CPU cost of token bucket refill Permalink to this section
Naïve token bucket implementations call Date.now() on every consume() call. At 50,000 emit attempts/s across all connections, this is 50,000 Date.now() calls/s — measurable but not bottleneck. The alternative is a refill-on-timer approach that refills all buckets centrally every 10–20 ms:
// Central refill — amortises clock reads across all connections
const buckets = new Map(); // clientId → TokenBucket
setInterval(() => {
const elapsed = 0.02; // 20 ms
for (const bucket of buckets.values()) {
bucket.tokens = Math.min(bucket.capacity, bucket.tokens + elapsed * bucket.refillPerSecond);
}
}, 20);
Async vs blocking rate limiters Permalink to this section
In an async runtime (Node.js event loop, asyncio, Go goroutines), rate limiters must not block the scheduler. Go’s rate.Limiter.Wait(ctx) parks the goroutine and yields — safe. Python’s asyncio.sleep() in the backoff path yields to the event loop — safe. A time.sleep() call in a Python sync route or a busy-wait loop in JavaScript will starve all other connections on the same thread.

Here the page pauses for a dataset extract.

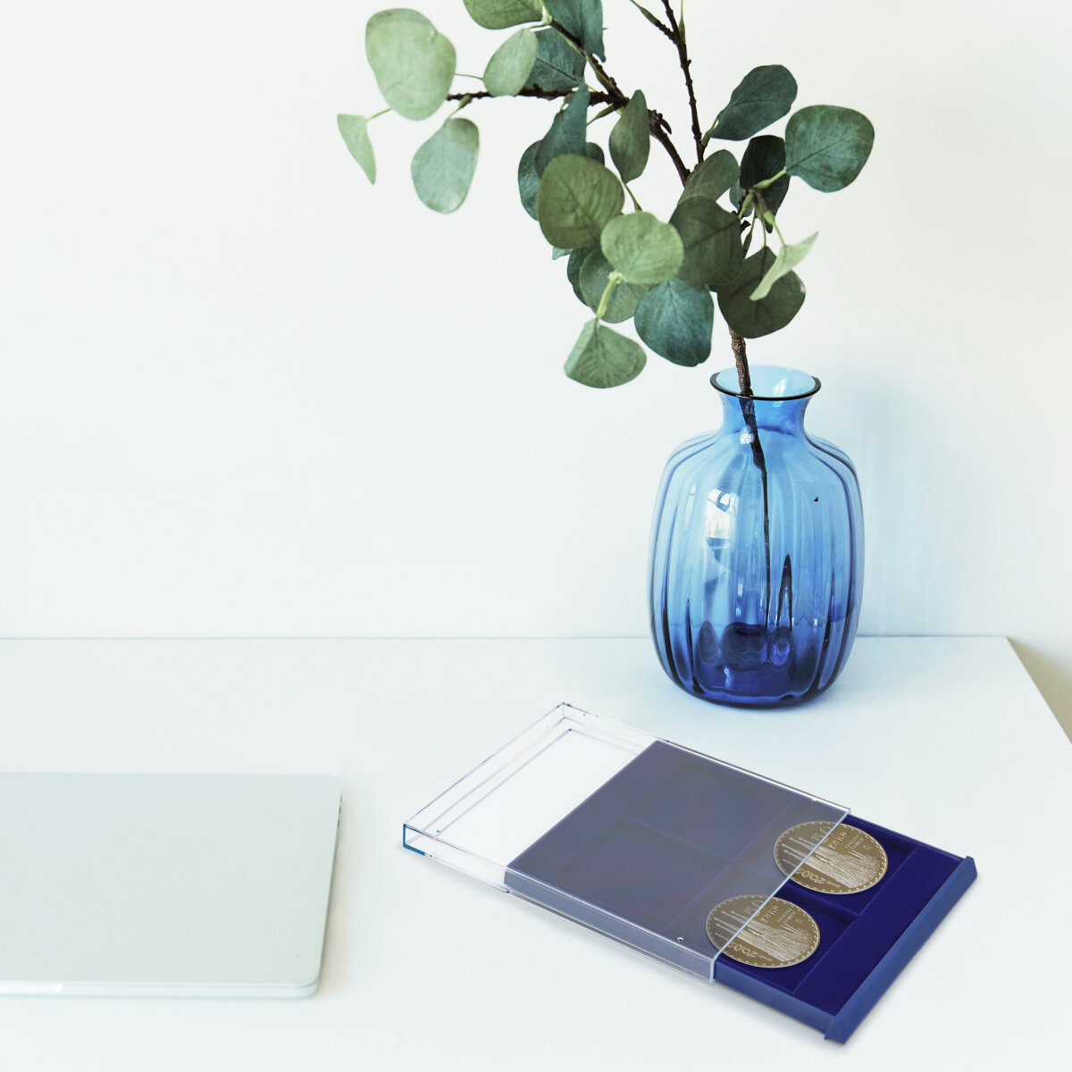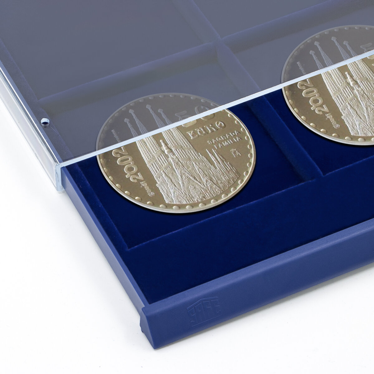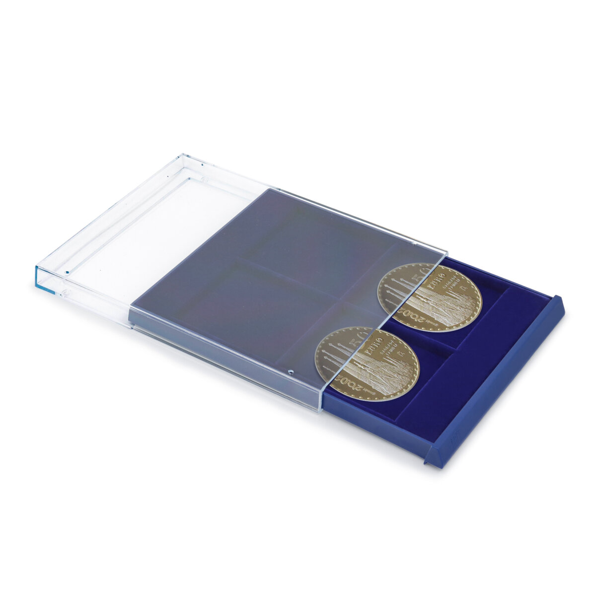 Stapelbare muntenlade met 4 uitsparingen voor objecten met een maximale diameter van 86 mm. Ruimtebesparende, glasheldere acrylglas lade met koningsblauw velours bekleding. De lades passen als een puzzel in elkaar om verschuiven te voorkomen wanneer ze gestapeld zijn. Stapelbaar en met schuine handgreep voor moeiteloos openen van de lade.

Validation and Debugging Permalink to this section
curl-based verification Permalink to this section
# Verify rate limit is applied — count events over 5 seconds
curl -sN http://localhost:3000/events | \
awk '/^data:/{count++} /^$/{if(count>0){print strftime("%H:%M:%S") " events:" count; count=0}}' &
sleep 5 && kill %1
# Expected: ~250 events (50/s × 5 s) if rate limit is enforced
# Simulate a slow consumer with rate-limited read
curl -sN http://localhost:3000/events | while IFS= read -r line; do
echo "$line"
sleep 0.1 # 10 events/s consumer, server emits 50/s
done
The slow consumer curl command lets you verify that drop log lines appear on the server after the buffer fills (usually within a few seconds).

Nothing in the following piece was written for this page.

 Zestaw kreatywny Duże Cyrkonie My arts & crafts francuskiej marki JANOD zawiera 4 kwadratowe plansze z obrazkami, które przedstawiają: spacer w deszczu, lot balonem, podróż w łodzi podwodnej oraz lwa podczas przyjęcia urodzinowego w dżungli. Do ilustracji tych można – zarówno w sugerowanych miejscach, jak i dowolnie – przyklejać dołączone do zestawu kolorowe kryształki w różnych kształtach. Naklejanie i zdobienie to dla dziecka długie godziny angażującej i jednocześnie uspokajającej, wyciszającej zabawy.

DevTools Network tab Permalink to this section
- Open Network → filter by
text/event-stream. - Click the SSE endpoint request → EventStream tab.
- Watch for gaps in
id:sequence numbers — these reveal dropped events. - Check Timing → TTFB; a high TTFB with a fast server usually means proxy buffering is enabled.
Structured logging for drops Permalink to this section
Every drop event should emit a structured log line that dashboards can aggregate:
{
"event": "sse_drop",
"reason": "rate_limit",
"client_ip": "10.0.0.5",
"connection_id": "c-7f3a",
"drops_total": 12,
"bucket_tokens": 0.0,
"timestamp": "2026-06-21T14:32:01.123Z"
}
Alert on drops_total > 100 per connection per minute as a proxy for misconfigured producers or misbehaving clients. A steady reason: tcp_backpressure from a specific IP is a slow-consumer problem; reason: rate_limit from all clients simultaneously suggests the rate limit is set too low for actual traffic.
Load testing with artillery Permalink to this section
# artillery-sse.yaml — simulate 200 concurrent SSE consumers
config:
target: "http://localhost:3000"
phases:
- duration: 60
arrivalRate: 10
rampTo: 200
scenarios:
- name: "SSE consumer"
engine: http
flow:
- get:
url: "/events"
headers:
Accept: "text/event-stream"
# artillery closes after 30 s to simulate reconnections
artillery run artillery-sse.yaml --output results.json
artillery report results.json
Watch for P95/P99 response time inflation — a rising P99 under load indicates the rate limiter is correct but the queue is too small and connections are accumulating.
⚡ Production Directives
- Set
X-Accel-Buffering: noon every SSE response — without it, nginx silently queues events and your rate limiter sees no backpressure. - Always check the return value of
res.write()(Node.js) or catch write deadline errors (Go) — ignoring them causes unbounded heap growth and eventual OOM. - Use a bounded per-connection queue (32–256 items) with an explicit drop policy; never allow an unbounded queue on a long-lived connection.
- Emit a heartbeat SSE comment every 15–20 s to prevent firewalls and NAT gateways from terminating idle-appearing connections.
- Log every dropped event with
reason,client_ip, anddrops_total; alert on drop rates exceeding 5% of emitted events per connection.
Production Checklist Permalink to this section
Frequently Asked Questions Permalink to this section
What is the difference between rate limiting and backpressure in SSE?
Rate limiting is a server-side policy that caps how many events the server emits per second, regardless of what the client can absorb. Backpressure is a signal from the consumer (via TCP flow control) telling the server the client cannot absorb data fast enough. The two work together: rate limiting prevents overloading well-behaved clients; backpressure detects and handles slow or lagging clients. You need both — rate limiting alone does not protect against a consumer that suddenly stalls, and backpressure detection alone does not prevent a fast producer from overwhelming a slow-but-draining consumer.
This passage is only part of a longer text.